As (roughly) proposed in the Yale article, Congress could pass a statute authorizing a specially constituted bench of federal judges – say, five randomly drawn judges – to determine whether a particular judge (here, Kavanaugh) had violated the “good behavior” standard. That special bench could hold a hearing and, if convinced by the evidence, make the requisite finding to trigger exit from the bench. This approach wouldn’t require a congressional supermajority. It would need a presidential signature.

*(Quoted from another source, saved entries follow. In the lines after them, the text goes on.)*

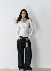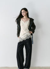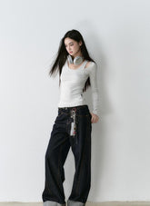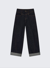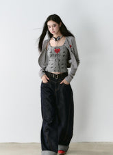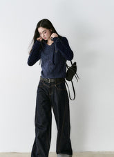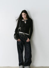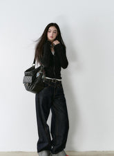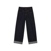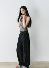 Crafted from premium vintage-dyed denim fabric, this piece is treated with eco-friendly pure indigo dye and sand-washing techniques to achieve a rich, deep color and clear texture, reminiscent of bamboo strips. The fabric is meticulously woven to ensure a uniform, layered texture that feels smooth against the skin. The dual-core fiber design ensures a snug and comfortable fit that accentuates your silhouette while providing stability. The denim's classic look is complemented by a turned hem and meticulous stitching, highlighting the garment's attention to detail and its suitability for both practical and street-style outfits.
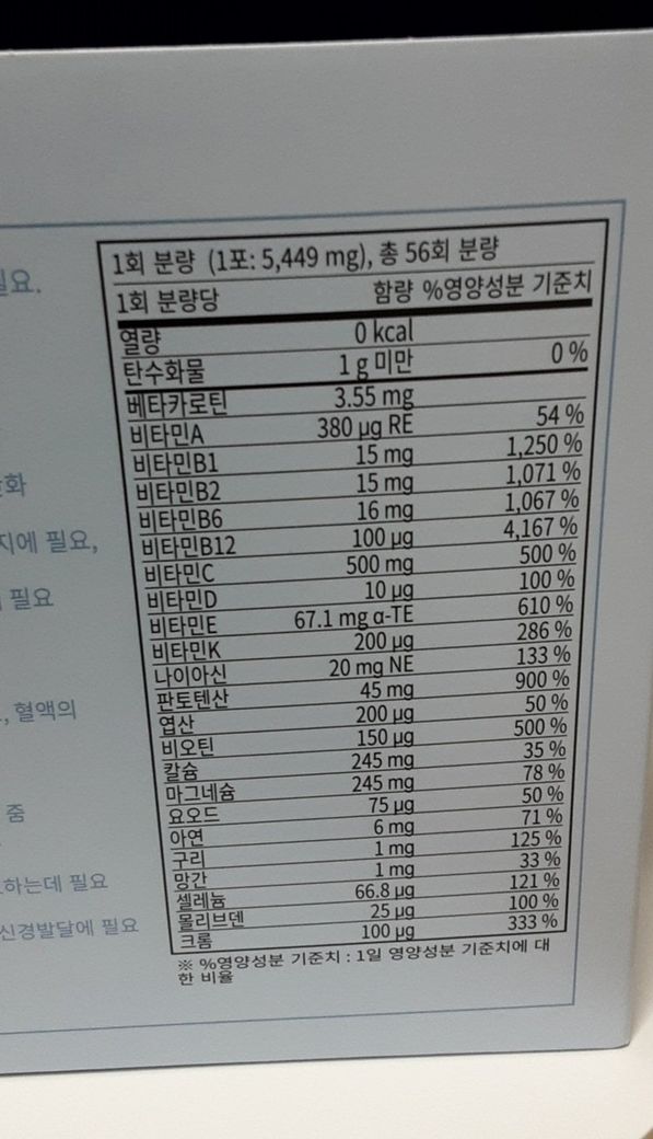 아래 사진은 종합비타민 성분입니다.
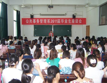 对于所有大学生来说,毕业这一天既是一个完满的结束,又是一个美好的开始。7月5日下午,公共事务管理系08级全体毕业生在雷晚蓉主任的主持下,于主教楼114教室召开了2011届毕业生座谈会。系主任雷晚蓉、副主任李海莉、学工主任朱勇志、刘建才老师、罗华老师、邱智鸿老师等出席了本次会议。
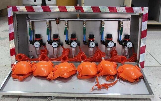 AYH-1A压风自救器一般形成系统后使用,即由若干组压风自救装置安装在同一个地点形成压风自救站,每组一般由3~5个头组成,每个地点装多少个头,应视该工作场所的工作人数而定,其安装头数应大于在该场所工作的人数。该装置系统结构简单,价格便宜,是一种经济型性自救装置系统。 作原理:装置由管道、开闭阀、连接管、减压组及防护套等5部分组成。当煤矿井下发生瓦斯浓度超标或超标征兆时,扳动开闭阀体的手把气路通畅,功能装置迅速完成泄水、过滤、减压和消音等动作后,此时防护套内充满新鲜空气供避灾人员救生呼吸。防护套内的空气压力为(0.05~0.1)Mpa,防护套外有毒气体的压力低于套内压力,因此外部有害气体不会进入防护套内对避灾人员造成危害。
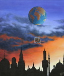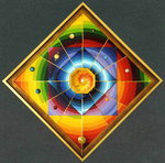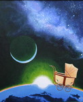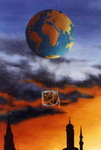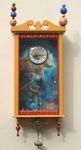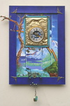 2005Klokkenhuis met daarin een schildering van de micro- en macrokosmos, waartussen de Aarde slingert (beweegt).Met uurwerkje en planeten.

Current federal law contains a trace of this mechanism. When a judge is convicted of a felony, whether in state or federal court, the law now states that he or she “shall not hear or decide cases” unless a council of judges decides otherwise. To be sure, the judge keeps a salary in the interim. But the judge is effectively sidelined – as completely as if he or she were impeached.

The creation of a new vehicle for judicial peer review seems to be the optimal option, as it would create a nonpartisan, procedurally robust device for disciplining judges.

Supreme Court justices right now have no real supervisors when it comes to ethics, and impeachment has come to seem excessively partisan. A standing body, available for all cases of misconduct – not just a ticket for one ride only – would resolve that problem, no matter who the appointing president.